[Update: adds mention of Time magazine story.]
A team of researchers who analyzed genetic data on 33,000 people with mental illness and 28,000 controls discovered that the five most common mental illnesses–depression, autism, attention-deficit disorder, schizophrenia, and bipolar disorder–share some of the same genetic abnormalities.
The finding, while it does not immediately lead to better treatment for any of these severe illnesses, does move researchers closer to understanding their causes. As Lauran Neergaard wrote for the AP:
"These disorders that we thought of as quite different may not have such sharp boundaries," said Dr. Jordan Smoller of Massachusetts General Hospital, one of the lead researchers for the international study appearing in The Lancet.
That has implications for learning how to diagnose mental illnesses with the same precision that physical illnesses are diagnosed, said Dr. Bruce Cuthbert of the National Institute on Mental Health, which funded the research.
Neergaard's story would have had a little more heft if researchers unconnected with the study shared the enthusiasm of these researchers, who were involved. But if she talked to them, she doesn't include their comments in the version I read.
Maggie Fox of NBC News got comment from Ken Duckworth, medical director of the National Alliance on Mental Illness, a patient advocacy group, who told her that "every psychiatrist knows of patients whose symptoms don't clearly meet the definition of any one disease." Still, he didn't comment directly on the study or whether its methodology was sound.
Gina Kolata at The New York Times rounds up comment form others and gets to a level of detail that much of the other coverage missed. She quotes one researcher not involved in the study who says "it was significant that the researchers had found common genetic factors that pointed to a specific signaling system." That's a little mysterious until half a dozen paragraphs later when she explains that some of the genetic signposts found to be common in multiple mental illnesses involved calcium channels, which are involved in communication within the brain. She also reports that a very small trial of drugs called calcium-channel blockers that are already on the market suggests they might have some value in treating bipolar disorder.
Carolyn Y. Johnson at The Boston Globe elicits an interesting hypothetical from one researcher, who tells Johnson that "there may be some very common genetic variants that, let’s say hypothetically, very early on affect very early brain development. . . . Then, maybe environment, or interactions with other genes” can affect which disease appears.

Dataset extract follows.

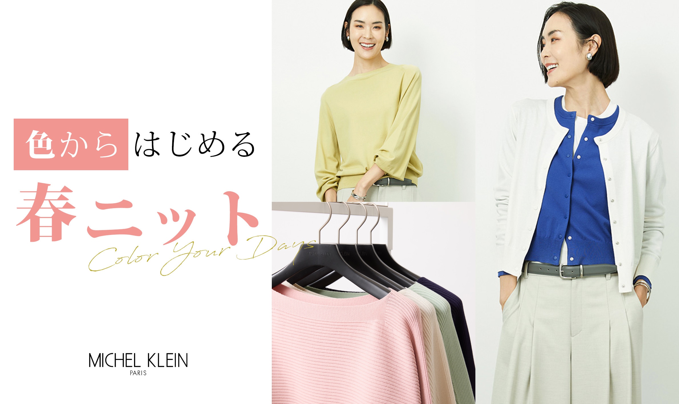 春らしいきれい色ニットを取り入れるだけで、いつものスタイルがぐっと新鮮に。
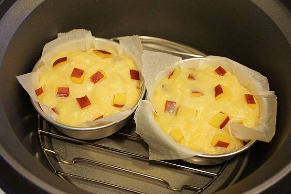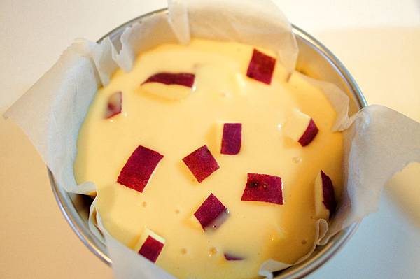 7. 再將麵糊倒入烤皿,並將保留下來的地瓜擺在上面裝飾

The most comprehensive story I found was by Maia Szalavitz at Time magazine. She hits the question of the soundness of the study right on the head (a researcher not connected with it says "this is a really well done study…"), and she nabs Thomas Insel, director of the National Institute of Mental Health, for some discussion of the study and its implications. She quotes Insel and another researcher who tell her that the genetic variants identified might raise the risk of developing the illnesses by only a small amount–perhaps 10%. But the findings point the way to a better understanding of the biology.
I'd like to see somebody pick this up for a longer takeout looking at the implications and the directions for future research; it's an important story. The study's abstract is here.